List<String> namesList = new ArrayList<>();
namesList.add("moe");
namesList.add("larry");
namesList.add("curly");
namesList.stream().forEach(name -> {
   System.out.println(name);
});

But what about maps? well, maps don't implement the Collection interface and they're not ordered so we can't directly get a stream from a map, however maps provide us with helper methods that return stored values and keys as collections, and these collections are "streamable"
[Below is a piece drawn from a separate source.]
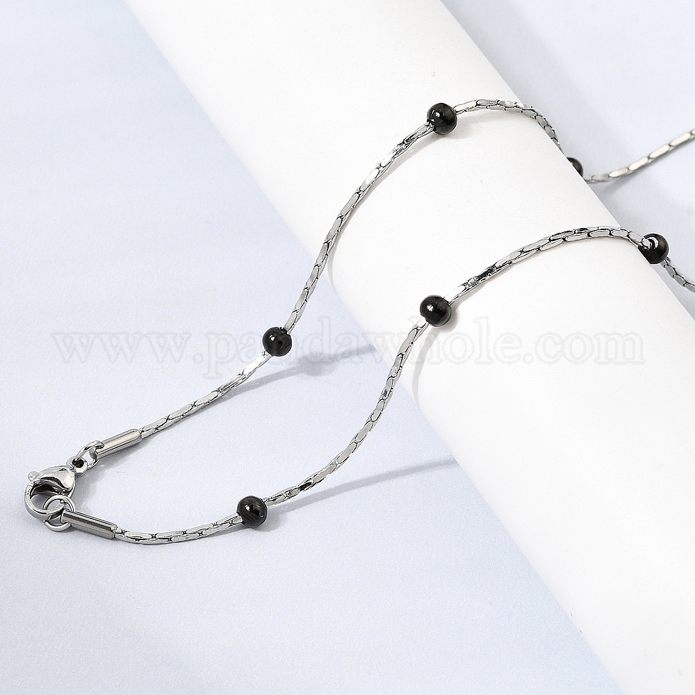 304 Цепочка из нержавеющей стали в стиле «бостонское плетение» с бусинами-ронделями

people.keySet().stream(); // .keySet returns a Set of keys
people.values().stream(); // .values returns a Collection of values
people.entrySet().stream(); // .entrySet returns a Set of Entry objects that acts as key/value pairs

for example

people.entrySet().stream().forEach((Map.Entry<String, Integer> person) -> {
   String name = person.getKey();
   int age = person.getValue();
});

Java also provide parallel streams by calling the .parallelStream, these streams work upon their stored items in parallel, utilizing threading to shorten potential long, time consuming operation, lets look at the following example

people.entrySet().parallelStream().forEach((Map.Entry<String, Integer> person) -> {
   try {
       String name = person.getKey();
       int age = person.getValue();
       Thread.sleep(1000);
       System.out.println(name + " : " + age);
   } catch (InterruptedException ex) {
       ex.printStackTrace();
   }
});

it's a bit heavy, so let's go step by step on what's happening here 

  1. we have a set of people, we use a parallel stream to run them at parallel
  2. each callback accesses it's own Thread and sleeps for 1000 milliseconds (1 second)
  3. wake up and then print the key and value

Using regular streams we would wait for n seconds for this code to complete (n being the amount of stream items), however since we used a parallel stream, we would wait for a little more than a second for the code to finish. 

It should be noted that parallel streams incur high overhead and resources due to it's concurrent nature, and should mostly be used when dealing with time consuming jobs. using them on simple tasks such will only slow things down, use it where you can afford it.


Done! (for now) This is just a small portion of what Java has to offer for streams, there are still a lot that needs to be talked about such as Operators (.map, .filter etc..) and Collectors which allow to to create new, mutated copies of our data, group them in different ways and more, so there's a lot to go over on.